Klebsiella pneumoniae is commonly multidrug-resistant (MDR) and is generally recognized to be the main source of antimicrobial resistance genes that can be transferred to other Gram-negative pathogens [23]. According to the Centers for Disease Control and Prevention (CDC), KP was recently classified as an urgent threat to human health [5]. As the platforms for the acquisition and subsequent spread of drug-resistance and virulence genes, plasmids play a crucial role [23,24]. In this study, different plasmids were reported to have drug-resistance and virulence genes, and the ESBL-resistance genes were reported in different multidrug resistance plasmids in isolate K6. The chloramphenicol acetyltransferase (catB3), bla_OXA-1, and aac(6′)-Ib-cr genes were detected in plasmid pB-8922_OXA-48, and the ESBLs genes (bla_CTX-M-3 and bla_OXA-232) were reported in plasmid pColKP3. The presence of ESBLs genes (bla_OXA-1, bla_CTX-M-3 and bla_OXA-232) in the K6 isolate is consistent with the phenotypic finding in which the isolate was highly resistant to third- and fourth-generations of cephalosporins. Consistent with our findings, Doumith et al. [25] recently reported the presence of the plasmid pColKP3 carrying bla_OXA-232 in Pseudomonas aeruginosa clinical isolates from Saudi Arabia, which may indicate the exchange of plasmids among different microbial strains and the circulation of such plasmids in our region. ARGs residing in extrachromosomal plasmid DNA tend to disseminate more into different niches, and the replication initiator protein (Rep) is required for the replication initiation of this plasmid [26]. In this study, a multidrug-resistant plasmid was detected in K6 isolates which harbored extended-spectrum beta-lactamases genes (bla_CTX-M-3), carbapenem-hydrolyzing oxacillinase (bla_OXA-232) [27] and the Rep protein. Since its first description in France from patients returning from India, the blaOXA-232 enzyme has also been described in Singapore, India, Malaysia, the United States, Korea and Tunisia [27]. The emergence of OXA-232-producing hypervirulent K. pneumoniae ST23 has been reported recently in India from a neonate with sepsis [28]. Here, in Saudi Arabia, this is probably the first report of ST23 OXA-232-producing K. pneumoniae. The presence of these genes in plasmids could represent a serious health problem due to their easy transmission to different bacterial strains.

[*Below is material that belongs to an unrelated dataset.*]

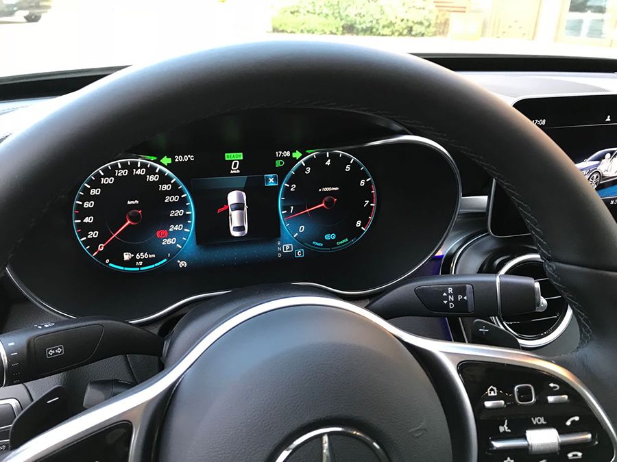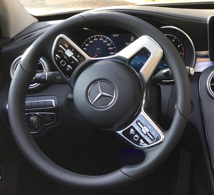 方向盘采用了三幅式设计且加入了镀铬装饰,整体造型相比老款更加硬朗。多功能按键布局也有调整还增加了触控的按键。普通车型雨刮器的位置是奔驰标志性的怀挡,并提供了换挡拨片。

Interestingly, in isolate K6, we reported gene cassettes consisting of the sulfonamide-resistant gene (sul2), disinfecting agents and antiseptics-resistant gene (qacE), trimethoprim resistant gene (dfrA12), and the aminoglycoside resistant gene (aadA2), in plasmid pCEX23 and associated with three integron-related recombination sites (attC). In isolates K6 and K7, we reported similar gene cassettes consisting of integron integrase (IntI1), trimethoprim-resistant gene (dfrA14), insertion sequence (IS), transposase protein, and replication initiation protein (RepE) in plasmid pC1K6P0122-2 and lacking the integron-related recombination sites (attC). Despite lacking these self-mobility components, integrons encoded by plasmids have the ability to capture genomic structures, express gene cassettes, and mediate their own mobility [29]. The presence of these gene cassettes in plasmids with IS, integrons, or integron-related recombination sites will facilitate the mechanisms of integration or excision of these gene cassettes, which could spread drug-resistant genes among Gram-negative bacteria, thus promoting multidrug resistance in clinical bacterial strains [30,31].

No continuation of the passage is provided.